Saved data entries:
# # # #

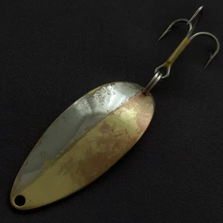 Den tvåfärgade finishen i guld och nickel ger detta skeddrag på 14 g (1/2 oz) ett distinkt blänk som samlare direkt känner igen som en klassiker. På baksidan finns en tydlig stämpel med märket "Little Cleo" tillsammans med namnet "Wig-L-Lure", vilket bekräftar dess ursprung hos Seneca Lure Company. En utmärkande detalj för detta exemplar, med produktkod 23320, är den ikoniska gravyren av en "Hula Girl" eller dansös på baksidan – en detalj som togs bort efter att Acme förvärvade Seneca i början av 1980-talet. Skeddraget mäter 5,5 cm (2 1/4") och har kvar sin ursprungliga plätering av hög kvalitet. Komponenterna består av en robust trekrok monterad med en fjäderring, försedd med en bit gul slang över skaftet. För många vintage-entusiaster är just närvaron av dansösen det som befäst dragets legendariska status i sportfiskevärlden. Detta specifika exemplar är oanvänt och i exceptionellt fint skick.
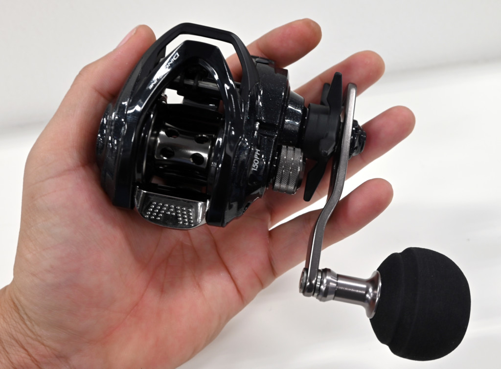そうした釣り物の多くでは、アクションを付けて誘ったりすることが大なり小なりあることが多く、ロッド(リールシート)の上側に装着する両軸リールでは握りやすさは重要。
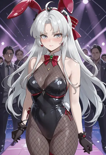 wwcrltt, white hair, long hair, parted bangs, grey eyes, very long hair, hair ornament, ahoge, bow, jewelry, hair bow, sidelocks, gradient eyes, hairband, multicolored eyes, red hairband, <lora:wuthering_waves_carlotta_illustrious:0.7>
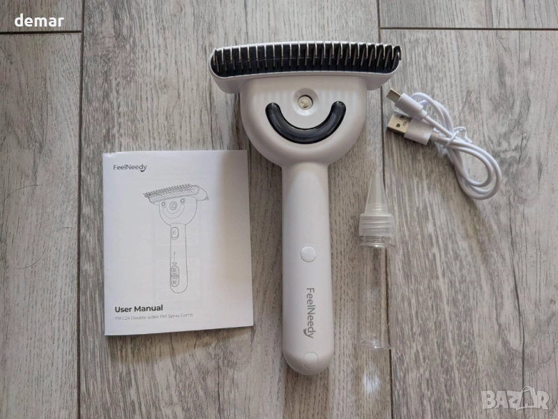 Четка за кучета FEELNEEDY за груминг, двустранна, акумулаторна, IPX6
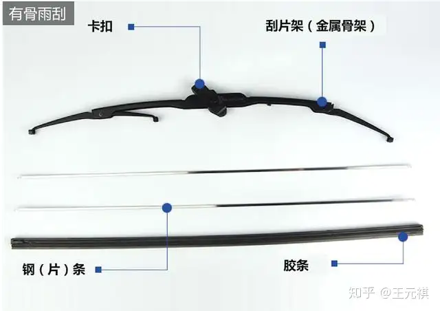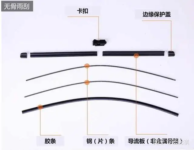 『有骨雨刮』通常是由「卡扣」、「刮片架」、「钢片条」和「胶条」组成。「卡扣」是将「雨刮」与「雨刮臂」连接,种类繁多,我们此后详解。
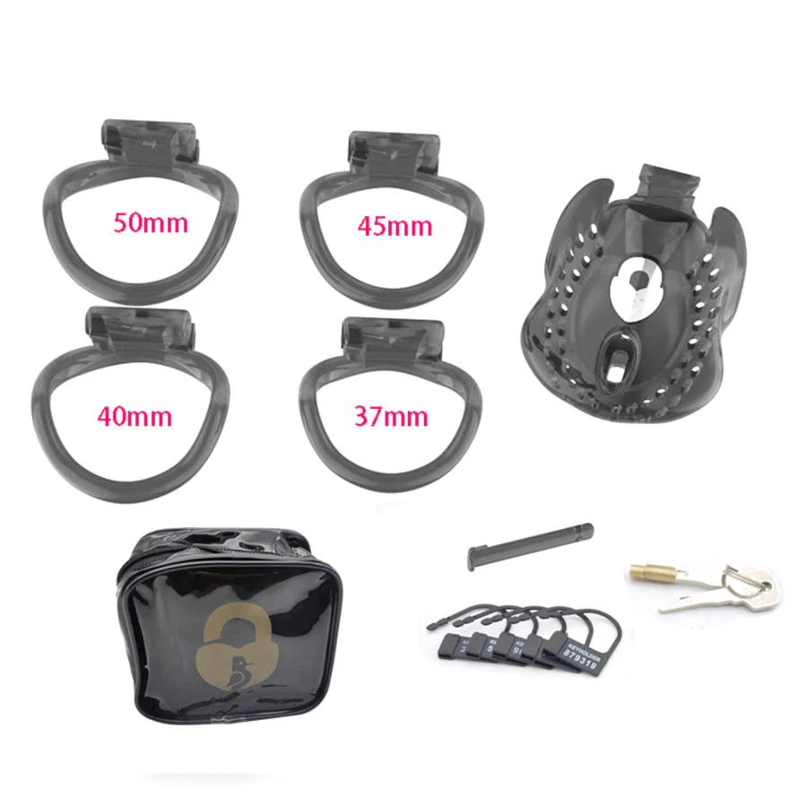 Doe één van de vier meegeleverde ringen achter de ballen, schuif de schede over de penis en sluit de kooi daarna naar wens af met het cylinderslot of met een van de genummerde plastic zegels en de pin.
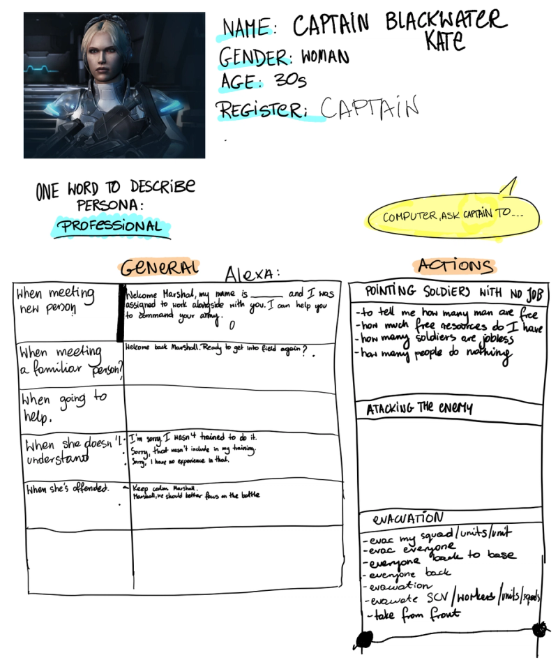 To better fit our Voice User Interface into StarCraft, we designed an alternative "virtual assistant" that replaces Alexa when you're controlling the game.
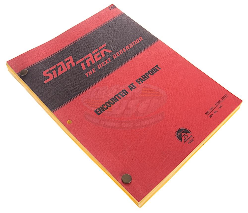 (Paramount television, 1987-1994) This production script is titled "Encounter At Farpoint", the first episode of the series and is the 3rd revised final draft dated May 22, 1987. It has 110 multi-colored pages and is held together with two button style clips. The script has only minor wear and remains in very good condition.
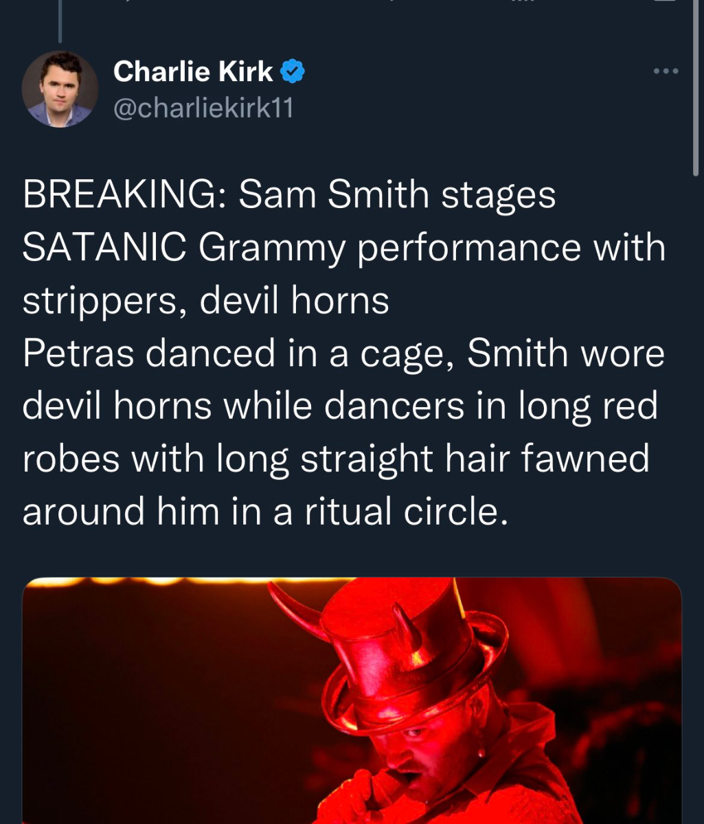 February 6, 20232 yr Lots of right-wing pearl-clutching over a Grammy performance last night with devil imagery. Quote "This…is…evil,” senator Ted Cruz wrote on social media while sharing a post from conservative political commentator Liz Wheeler, who similarly reacted: "Don’t fight the culture wars, they say. Meanwhile demons are teaching your kids to worship Satan. I could throw up.” "I know we on the right probably use the word satanic too often but this performance from Sam Smith is literally a tribute to Satan,” wrote Human Events editor Ben Kew.
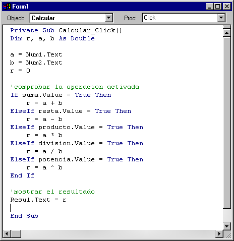Para el botón Calcular que es el que nos mostrará el resultado según la operación seleccionada, he utilizado la instrucción If Then Else que vimos en el capítulo anterior:
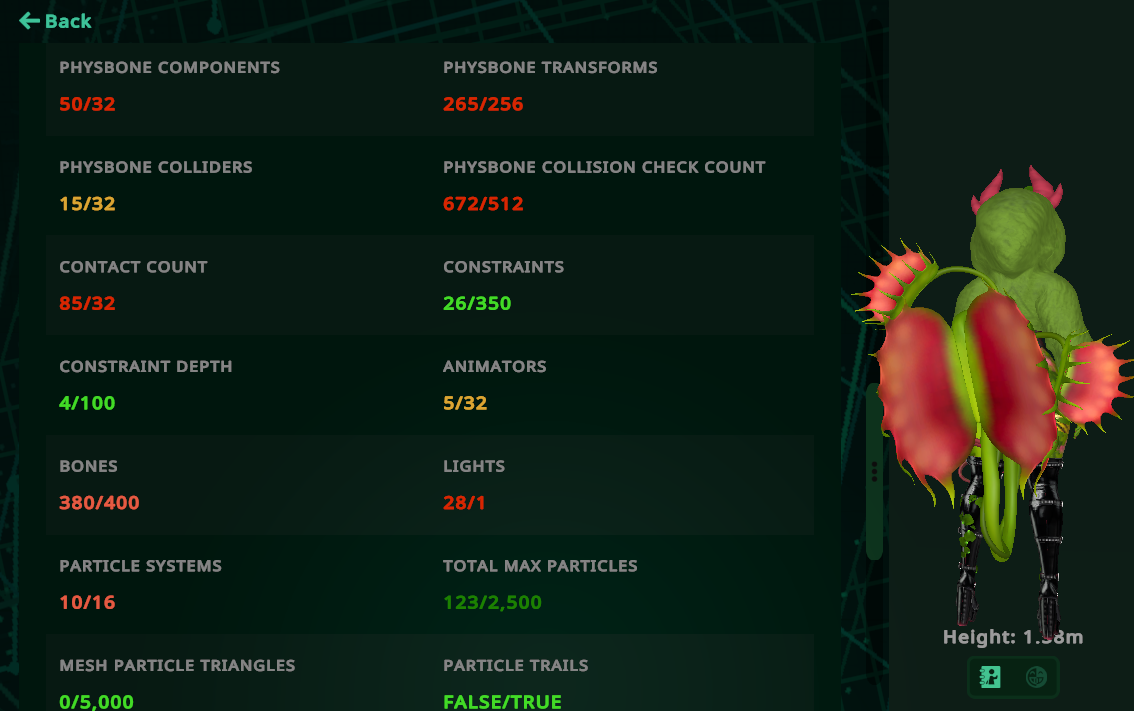 Head - Base body - Body/Face texture - Body Tattoos - Blood - Jacket - Bodysuit - Heels - Hair Long - Ponytail - Hair short - Leaf ears - Leaf Head - Flower crown - Chocker - Snek - Body Leaves - Flytraps - Monster Tail - Elf ears - Mask - Teeth - Forest WorldDrop - Fly Follower - Flow toy - Follower system - Plush System - Locomotion - Index Gesture - VRCLabs - WFT - Gesture Menu - SPS+Lolipop

# # # #

◆ **REQUIRED ACTION**
Leave out the pictures and transcribe the entries above exactly.

◆ **TASK ANSWER**
 Den tvåfärgade finishen i guld och nickel ger detta skeddrag på 14 g (1/2 oz) ett distinkt blänk som samlare direkt känner igen som en klassiker. På baksidan finns en tydlig stämpel med märket "Little Cleo" tillsammans med namnet "Wig-L-Lure", vilket bekräftar dess ursprung hos Seneca Lure Company. En utmärkande detalj för detta exemplar, med produktkod 23320, är den ikoniska gravyren av en "Hula Girl" eller dansös på baksidan – en detalj som togs bort efter att Acme förvärvade Seneca i början av 1980-talet. Skeddraget mäter 5,5 cm (2 1/4") och har kvar sin ursprungliga plätering av hög kvalitet. Komponenterna består av en robust trekrok monterad med en fjäderring, försedd med en bit gul slang över skaftet. För många vintage-entusiaster är just närvaron av dansösen det som befäst dragets legendariska status i sportfiskevärlden. Detta specifika exemplar är oanvänt och i exceptionellt fint skick.
そうした釣り物の多くでは、アクションを付けて誘ったりすることが大なり小なりあることが多く、ロッド(リールシート)の上側に装着する両軸リールでは握りやすさは重要。
 wwcrltt, white hair, long hair, parted bangs, grey eyes, very long hair, hair ornament, ahoge, bow, jewelry, hair bow, sidelocks, gradient eyes, hairband, multicolored eyes, red hairband, <lora:wuthering_waves_carlotta_illustrious:0.7>
 Четка за кучета FEELNEEDY за груминг, двустранна, акумулаторна, IPX6
 『有骨雨刮』通常是由「卡扣」、「刮片架」、「钢片条」和「胶条」组成。「卡扣」是将「雨刮」与「雨刮臂」连接,种类繁多,我们此后详解。
 Doe één van de vier meegeleverde ringen achter de ballen, schuif de schede over de penis en sluit de kooi daarna naar wens af met het cylinderslot of met een van de genummerde plastic zegels en de pin.
 To better fit our Voice User Interface into StarCraft, we designed an alternative "virtual assistant" that replaces Alexa when you're controlling the game.
 (Paramount television, 1987-1994) This production script is titled "Encounter At Farpoint", the first episode of the series and is the 3rd revised final draft dated May 22, 1987. It has 110 multi-colored pages and is held together with two button style clips. The script has only minor wear and remains in very good condition.
 February 6, 20232 yr Lots of right-wing pearl-clutching over a Grammy performance last night with devil imagery. Quote "This…is…evil,” senator Ted Cruz wrote on social media while sharing a post from conservative political commentator Liz Wheeler, who similarly reacted: "Don’t fight the culture wars, they say. Meanwhile demons are teaching your kids to worship Satan. I could throw up.” "I know we on the right probably use the word satanic too often but this performance from Sam Smith is literally a tribute to Satan,” wrote Human Events editor Ben Kew.
Para el botón Calcular que es el que nos mostrará el resultado según la operación seleccionada, he utilizado la instrucción If Then Else que vimos en el capítulo anterior:
 Head - Base body - Body/Face texture - Body Tattoos - Blood - Jacket - Bodysuit - Heels - Hair Long - Ponytail - Hair short - Leaf ears - Leaf Head - Flower crown - Chocker - Snek - Body Leaves - Flytraps - Monster Tail - Elf ears - Mask - Teeth - Forest WorldDrop - Fly Follower - Flow toy - Follower system - Plush System - Locomotion - Index Gesture - VRCLabs - WFT - Gesture Menu - SPS+Lolipop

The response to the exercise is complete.